"""
This tutorial introduces logistic regression using Theano and conjugate
gradient descent.

Logistic regression is a probabilistic, linear classifier. It is parametrized
by a weight matrix :math:`W` and a bias vector :math:`b`. Classification is
done by projecting data points onto a set of hyperplanes, the distance to
which is used to determine a class membership probability.
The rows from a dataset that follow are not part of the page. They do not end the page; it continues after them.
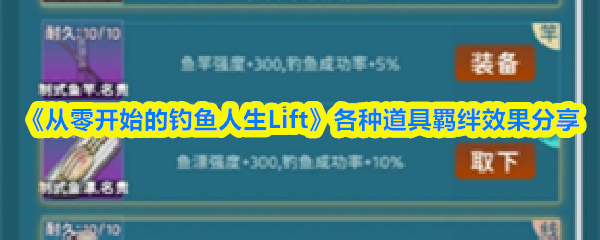从零开始的钓鱼人生Lift游戏里玩家可以体验到钓鱼的乐趣,还会有各种各样的道具来增加各种鱼类的获取概率,这些道具都有独特的羁绊效果,以下是《从零开始的钓鱼人生Lift》各种道具羁绊效果分享。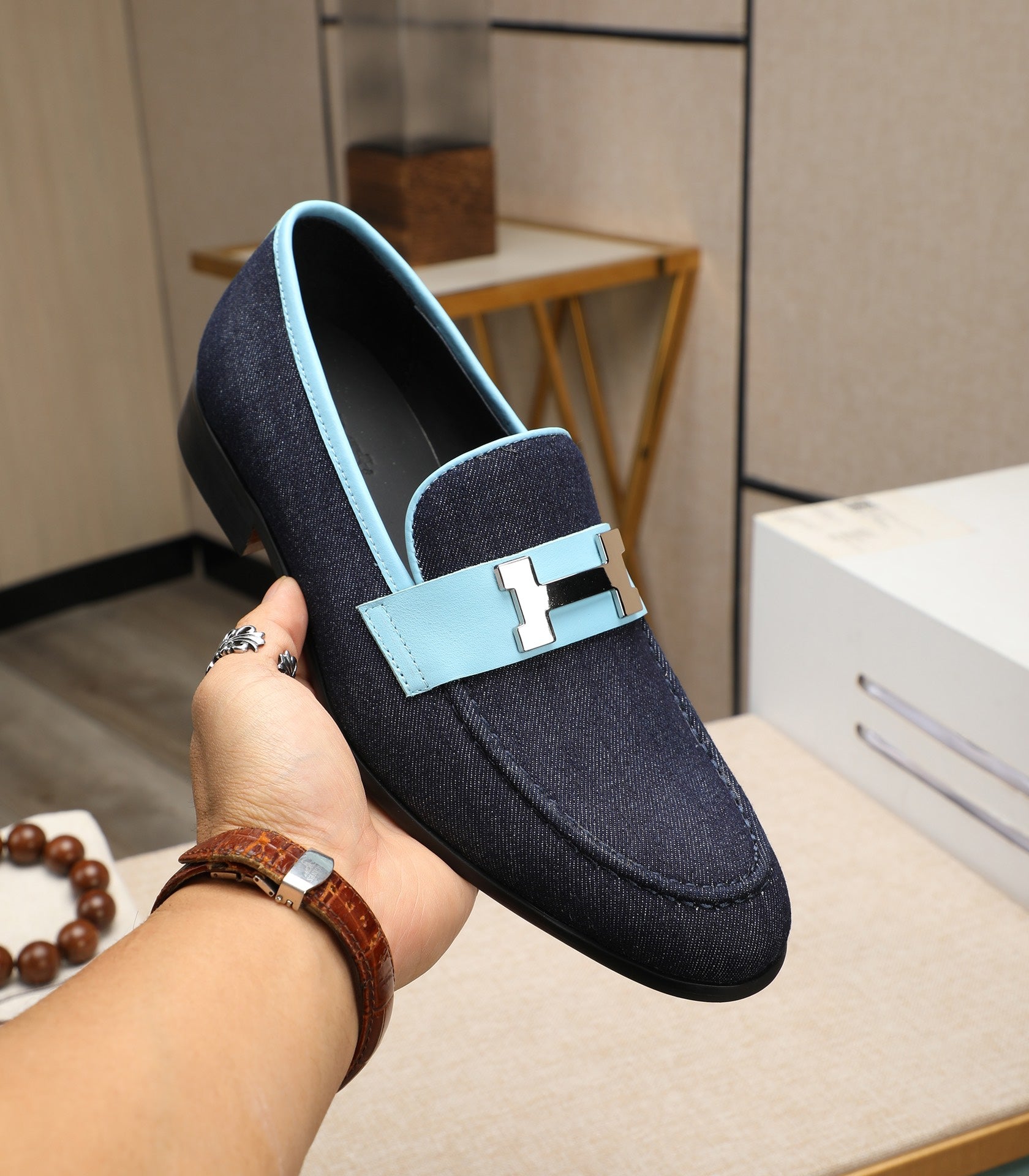 HM Men's Paris Loafer Denim Cowhide 480422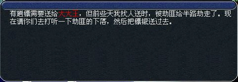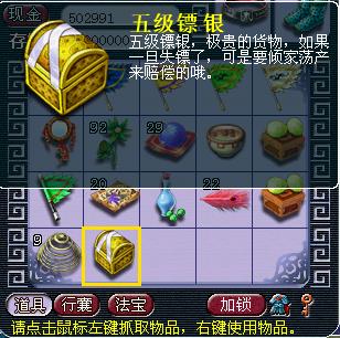 把贼匪打败后,便得到金光闪闪的五级镖。小心哦,镖遗失可是要倾家荡产来赔偿哦。然后把镖交到任务要你去的地方,很幸运,我要去找大大王,就只需要走几步就到了。得到镖后就不可以使用飞行符和导标棋了,老老实实跑吧。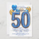 Convite Glam Blue Gold Balloons 50th Wedding Anniversary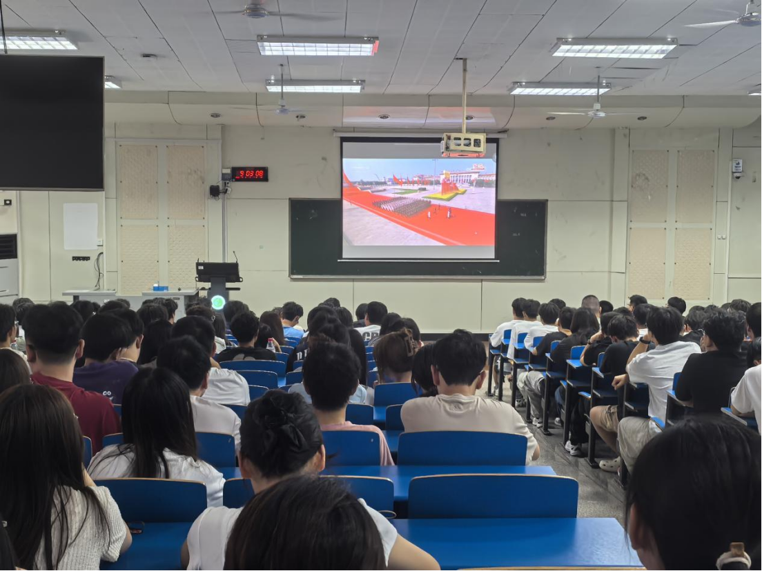 9月3日,学院组织全体学生集中收看纪念中国人民抗日战争暨世界反法西斯战争胜利80周年大会实况直播。整齐的方阵、现代化的武器装备,展现了我国国防和军队建设的重大成就,让在场师生深受震撼。当日下午,学院各年级组织开展爱国主义教育主题班会,观看抗战胜利主题演讲和十四年抗战编年史视频,重温那段充满苦难与辉煌的历史。在交流研讨环节,同学们踊跃发言,纷纷表示要夯实专业基础,以实际行动报效国家。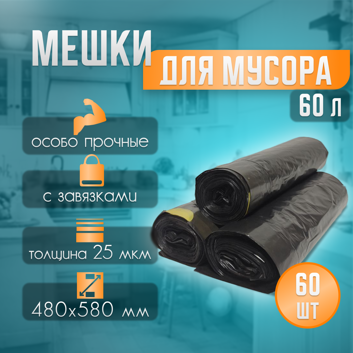 Пакет / мешок для мусора с завязками особо прочные (25 мкм), 60 литров, 60 штук в упаковке. информация: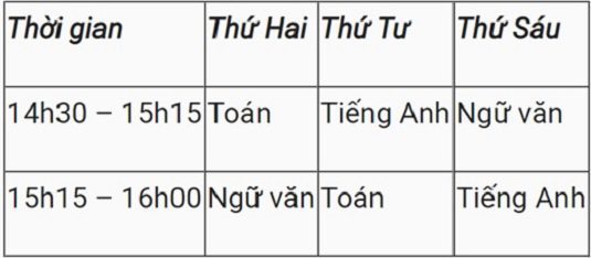 Theo đó, chương trình sẽ có 3 số phát sóng mỗi tuần, mỗi số là 2 môn học với thời lượng 45 phút/môn. Cụ thể như sau: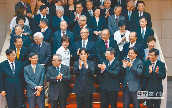 面對(duì)蔡英文元旦假期全力慰留,賴(lài)清德仍去意堅(jiān)定。圖為2017年交接典禮后,賴(lài)清德率時(shí)任“閣員”合影。(圖片來(lái)源:臺(tái)灣“中時(shí)電子報(bào)”)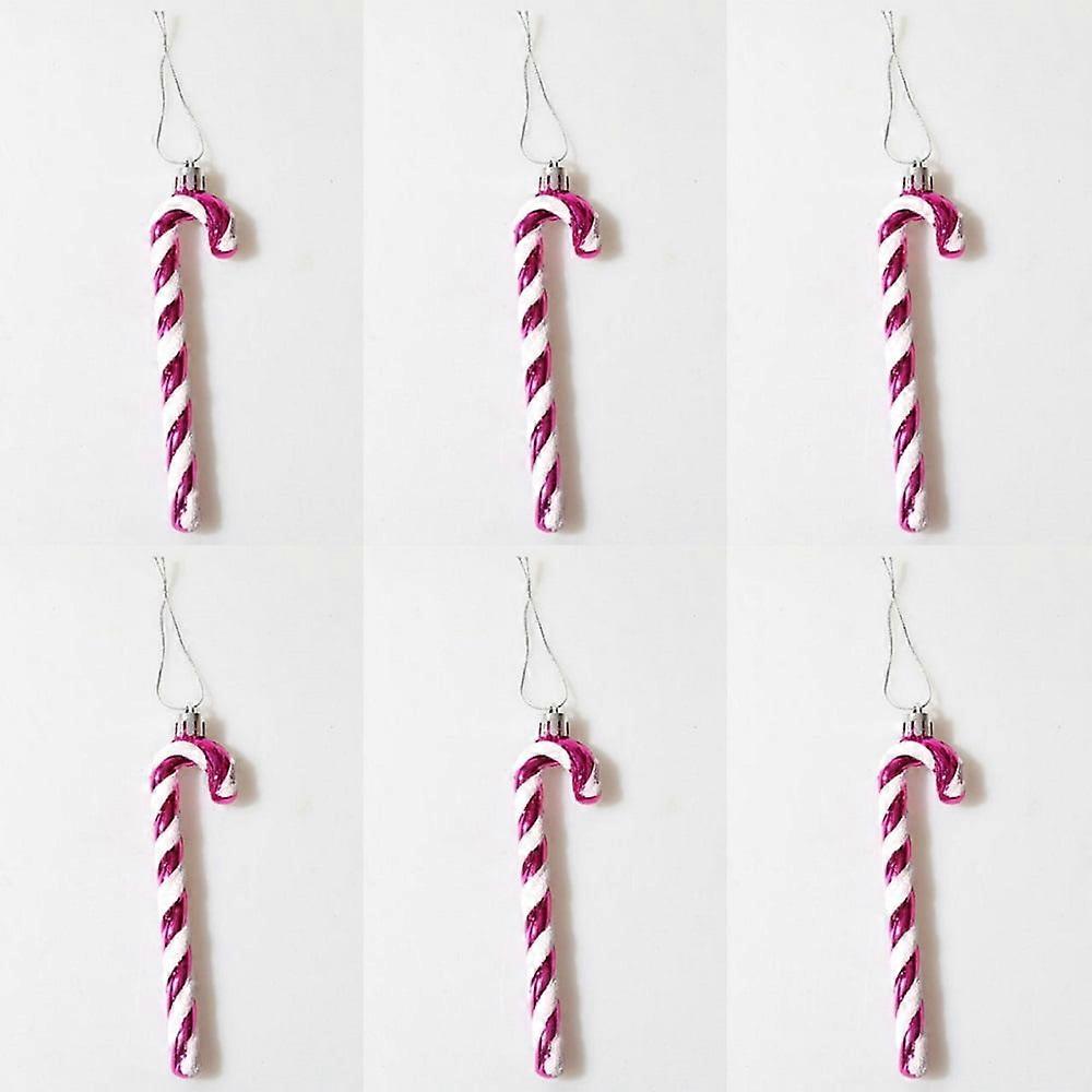 6 Pack of Glitter Christmas Plastic Candy Cane Christmas Tree Hanging Ornaments for Holiday Party Decoration Favors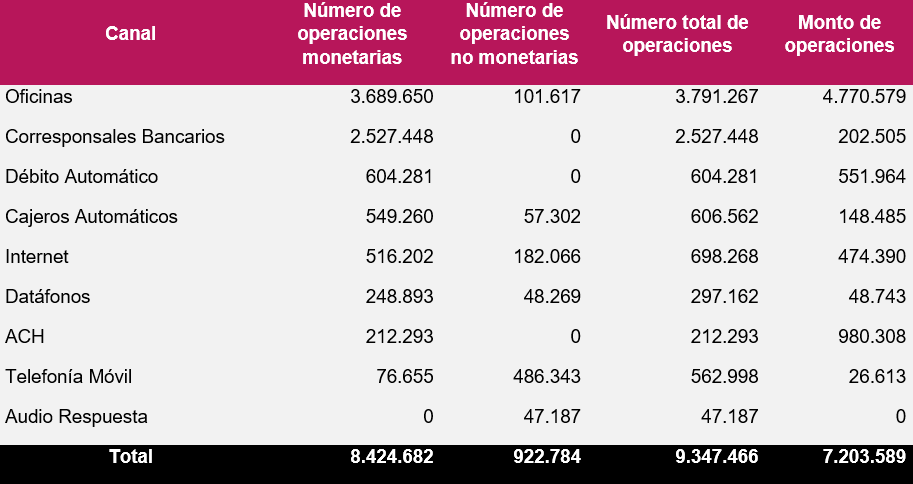 Respecto de las operaciones monetarias los crecimientos de la banca móvil e internet fueron del 172% y 31%, pasando de 223 millones a 607 millones y de 502 millones a 657 millones, respectivamente.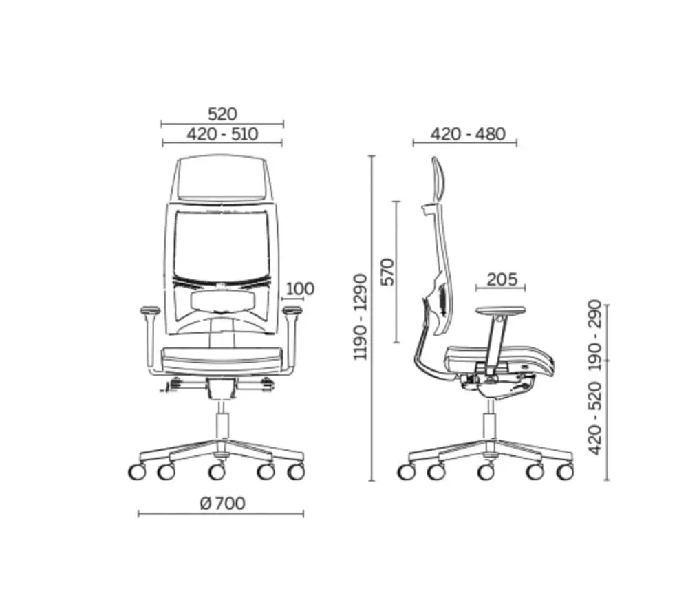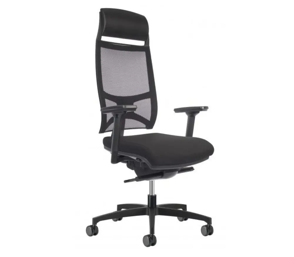 - Caractéristiques techniques: maille dossier, support de dossier flexible pour plus de confort (peint en noir), avec support lombaire réglable, assise en mousse polyuréthane injectée à froid (sans CFC), siège en tissu rembourré, avec accoudoirs, avec appui-tête, mécanique synchrone verrouillable en 5 positions, avec manivelle détachable sur le côté pour le réglage de la tension d'inclinaison, base en nylon renforcé noir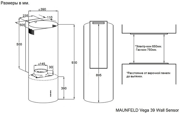 Габариты и подключение: Размеры (ШхВхГ): 390 x 930 x 505 мм. Модель подключается к воздуховоду диаметром 150 мм.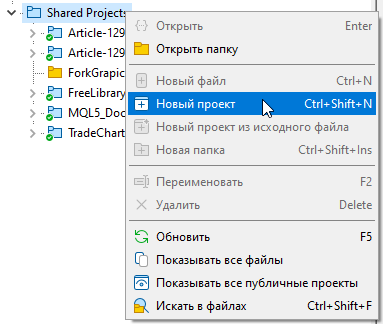 В навигаторе MetaEditor строго на папке Shared Projects вызовите контекстное меню (ПКМ) и выберите "Новый проект". Это ваша точка входа в современную экосистему: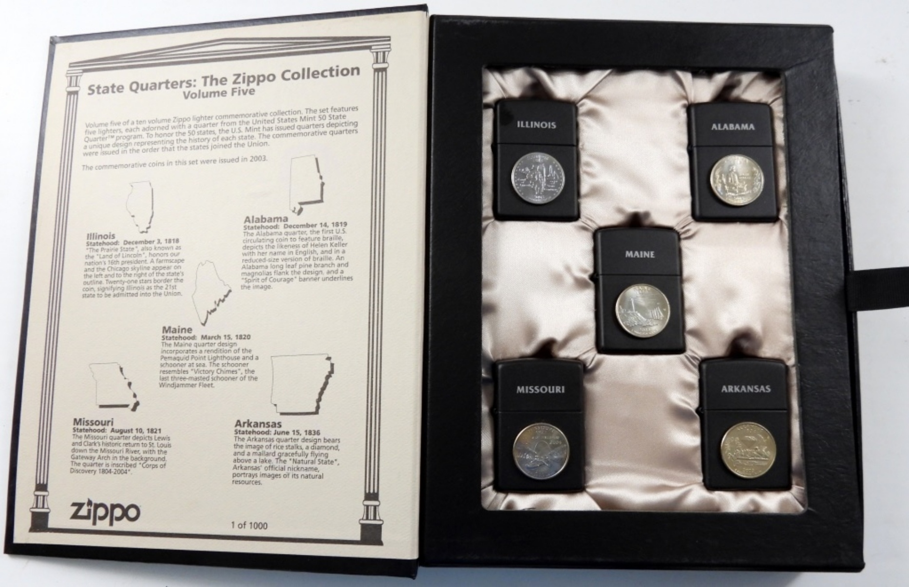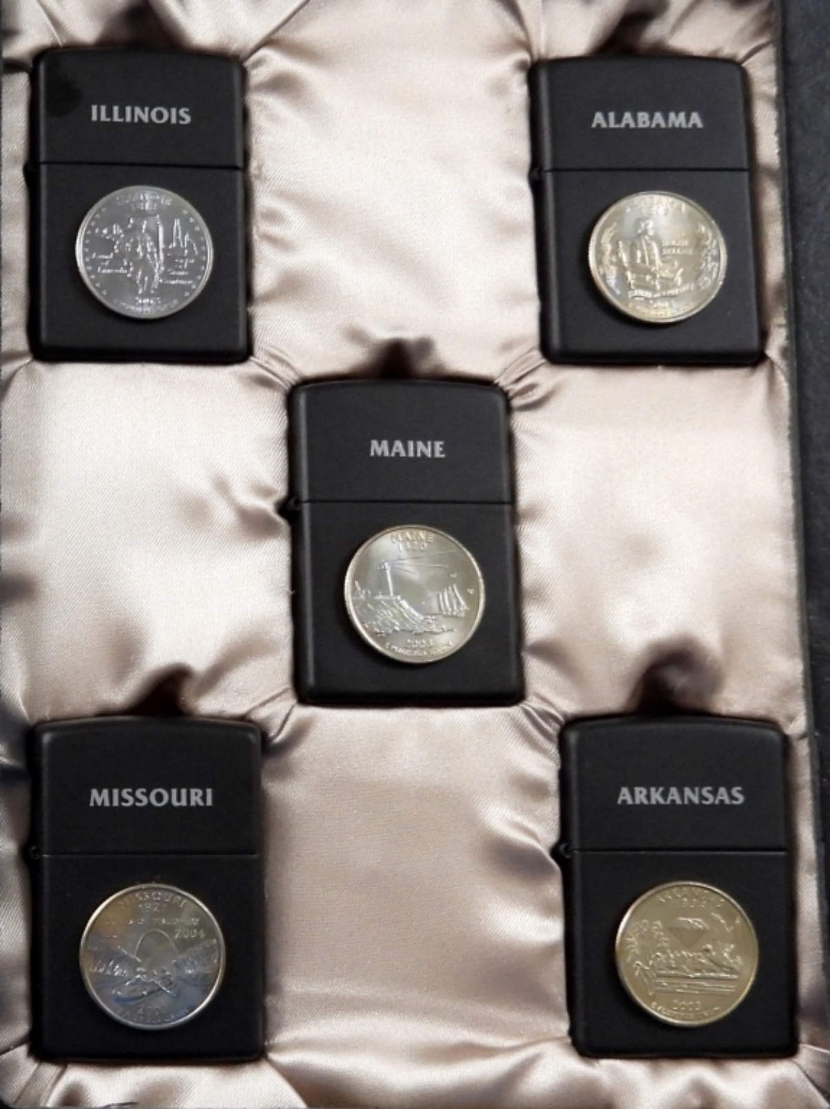 ALL ZIPPOS ARE SEALED IN ORIGINAL BLACK AND SATIN CASE, ALABAMA, ILLINOIS, MAINE, MISSOURI, ARKANSAS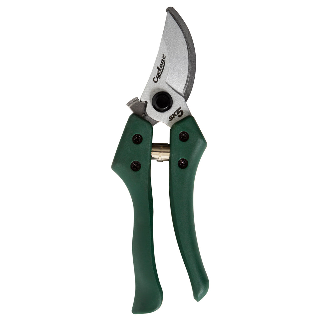 The Cyclone Quick Release Nylon Bypass Pruner is ideal for pruning live & green stems. Featuring a quick release locking mechanism allowing the user to squeeze the pruner open for quick, easy pruning. Bypass action ideal for live and green wood. SK5 carbon steel blades. Non-stick coated cutting blade. Strong glass-filled nylon body. Ambidextrous quick-release lock. Squeeze to open. Cutting capacity 20mm. Lifetime guarantee.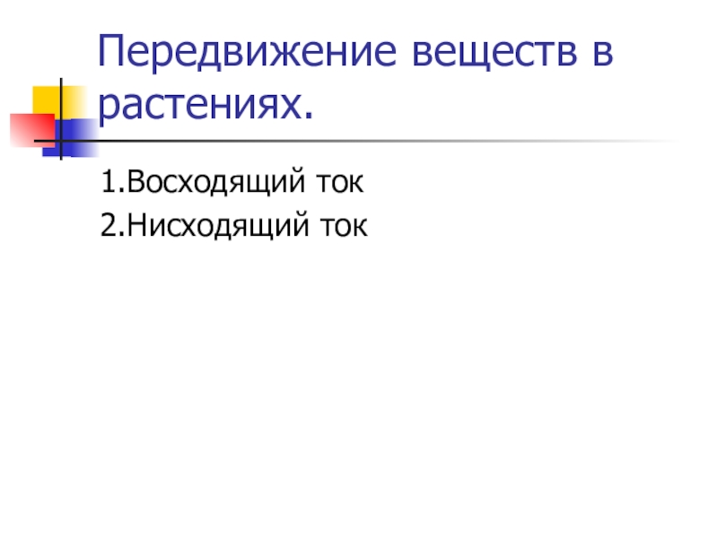 Передвижение веществ в растениях.1.Восходящий ток2.Нисходящий ток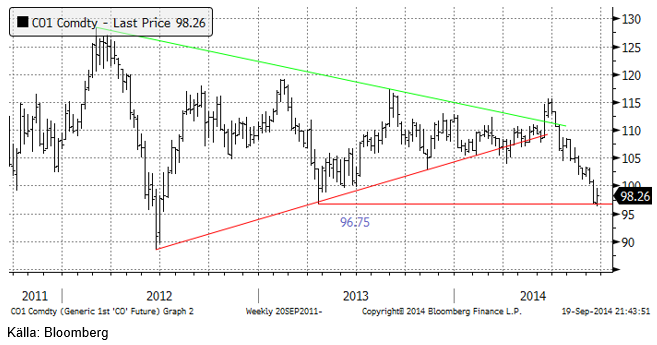 Nedan ser vi ett månadschart för de senaste tio åren. Vi ser att priset har brutit en triangelformation för två månader sedan. Det är enligt handboken i tekniska analys, en negativ signal. Det skulle dock inte förvåna om det kommer en rekyl upp mot 105 dollar innan priset slutligen vänder nedåt. En sådan rekyl uppåt blir i så fall ett bra säljtillfälle för dem som inte hann med att sälja för två månader sedan.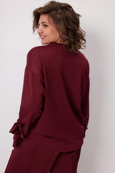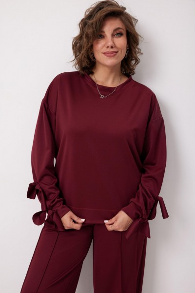 Удобный, стильный свитшот из мягкого, эластичного трикотажа позволит обратить на себя внимание и создаст отличное настроение! Трендовые цвета: мокко, индиго, вишня разбавят осеннюю хандру, позволив создать яркий дорогой образ. Свободный силуэт модели подарит чувство уюта и комфорта. Декоративная отделка пришивными бантами из основного материала с необработанным срезом добавляет шарм его обладательнице. Горловина полукруглой формы, с открытым срезом, обработана притачной обтачкой из основного материала. Рукав втачной, со спущенной линией плеча и манжетой по низу. Низ изделия обработан обтачкой имеет форму полукруга. Для создания комплекта дополните свитшот брюками арт. 6071.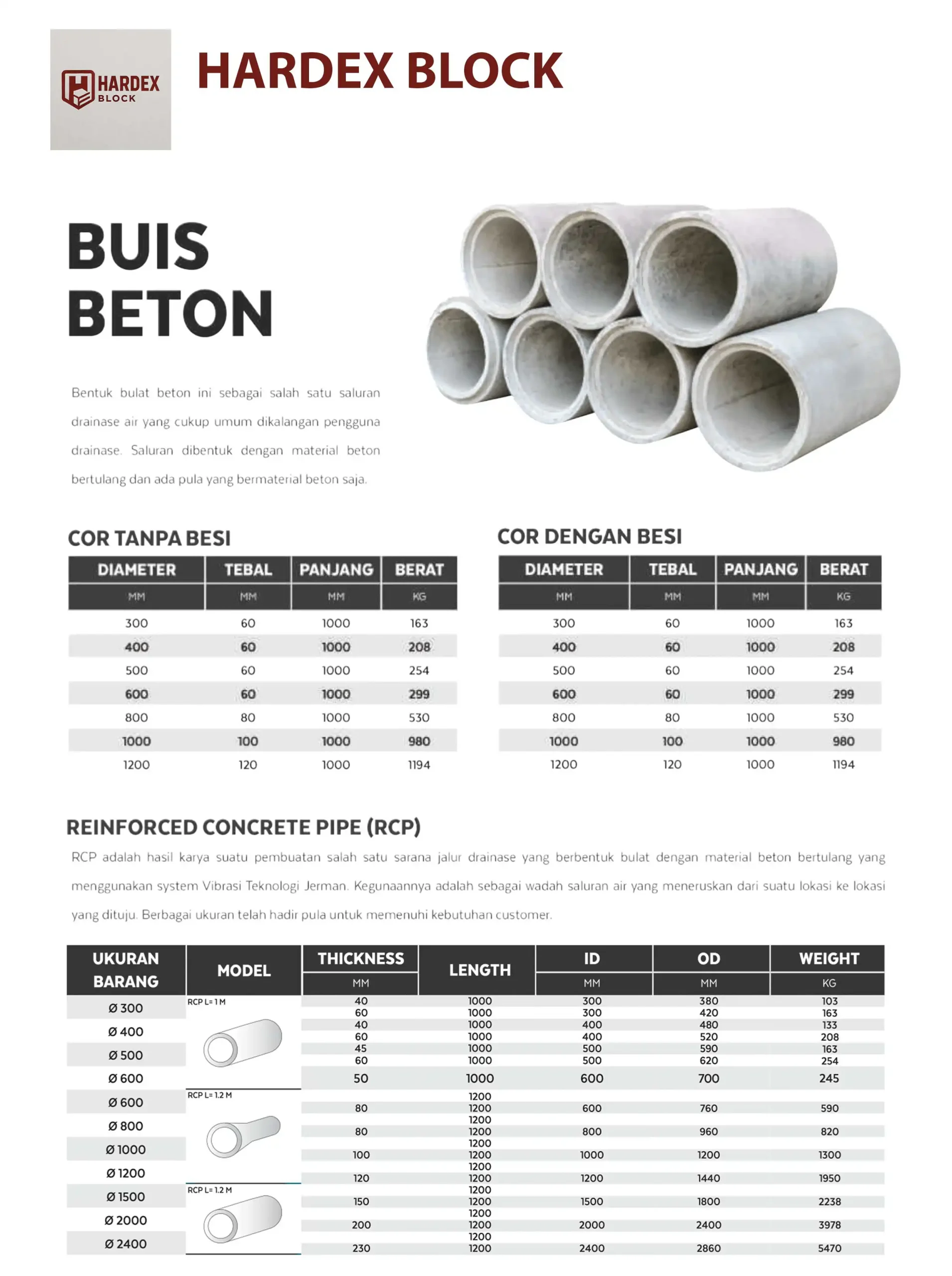 Berkualitas untuk Drainase & Infrastruktur. Buis beton dan RCP (Reinforced Concrete Pipe) adalah komponen penting dalam sistem drainase, irigasi, hingga gorong-gorong jalan. Produk ini dibuat dari beton berkualitas tinggi dengan tingkat kepadatan yang terjamin, sehingga mampu menahan beban tanah maupun lalu lintas di atasnya.

Mathematically, this can be written as:

.. math::
  P(Y=i|x, W,b) &= softmax_i(W x + b) \\
                &= \frac {e^{W_i x + b_i}} {\sum_j e^{W_j x + b_j}}


The output of the model or prediction is then done by taking the argmax of
the vector whose i'th element is P(Y=i|x).

.. math::

  y_{pred} = argmax_i P(Y=i|x,W,b)


This tutorial presents a stochastic gradient descent optimization method
suitable for large datasets, and a conjugate gradient optimization method
that is suitable for smaller datasets.


References:

   - textbooks: "Pattern Recognition and Machine Learning" -
                 Christopher M. Bishop, section 4.3.2


"""
__docformat__ = 'restructedtext en'


import cPickle
import gzip
import os
import sys
import time

import numpy

import theano
import theano.tensor as T

from logistic_sgd import load_data


class LogisticRegression(object):
    """Multi-class Logistic Regression Class

    The logistic regression is fully described by a weight matrix :math:`W`
    and bias vector :math:`b`. Classification is done by projecting data
    points onto a set of hyperplanes, the distance to which is used to
    determine a class membership probability.
    """

    def __init__(self, input, n_in, n_out):
        """ Initialize the parameters of the logistic regression

        :type input: theano.tensor.TensorType
        :param input: symbolic variable that describes the input of the
                      architecture ( one minibatch)

        :type n_in: int
        :param n_in: number of input units, the dimension of the space in
                     which the datapoint lies

        :type n_out: int
        :param n_out: number of output units, the dimension of the space in
                      which the target lies

        """

        # initialize theta = (W,b) with 0s; W gets the shape (n_in, n_out),
        # while b is a vector of n_out elements, making theta a vector of
        # n_in*n_out + n_out elements
        self.theta = theano.shared(value=numpy.zeros(n_in * n_out + n_out,
                                                   dtype=theano.config.floatX),
                                   name='theta',
                                   borrow=True)
        # W is represented by the fisr n_in*n_out elements of theta
        self.W = self.theta[0:n_in * n_out].reshape((n_in, n_out))
        # b is the rest (last n_out elements)
        self.b = self.theta[n_in * n_out:n_in * n_out + n_out]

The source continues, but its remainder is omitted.